Exam security systems are continually challenged, and there are many different means of cheating. Those associated with recall, such as the two examples listed here, appear to be some of the hardest to combat. However, the rise of computer-based testing (CBT) has presented new opportunities that have yet to be fully realized, including access to:

Historical question performance data. Administrators can review question performance over time to identify trends and suspicious activities worthy of further attention.
Question banking systems. Question or item banking systems enable easy, ongoing question creation, revision and management. Sophisticated item banking systems have been proven to facilitate question development, which grows the available question pool and makes something like "recalls" more difficult.
Instant results and reporting. The ability to monitor and grade exams in real time can help exam administrators identify and confront potential cheating on the spot, rather than letting it slip through the cracks like it did with the SAT scandal.

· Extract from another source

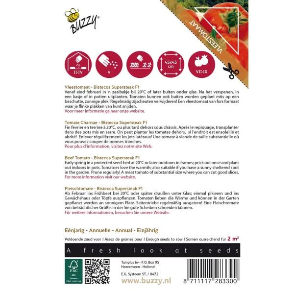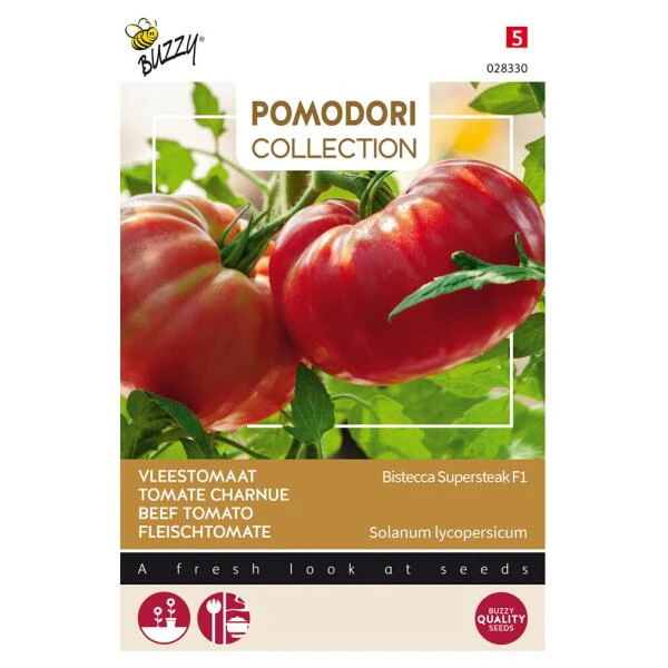 Tomaten Pomodori Bistecca F1, zoals de naam het al zegt een steaktomaat, een vleestomaat van fors formaat waar je flinke plakken kunt afsnijden.

Whether a student or professional in-training is caught copying another students paper, accessing the Internet with his or her cell phone, pasting test answers on a water bottle or passing the memorized test bank answers along to another test taker, these instances are labeled as cheating.

Although it is impossible to prevent people from cheating on tests 100 percent of the time, you can put advanced systems in place to significantly reduce test takers ability to cheat or inflate examination performance. Our team at ExamSoft is committed to being a part of the solution for protecting test answers from being shared or stolen and minimizing the occurrences of cheating.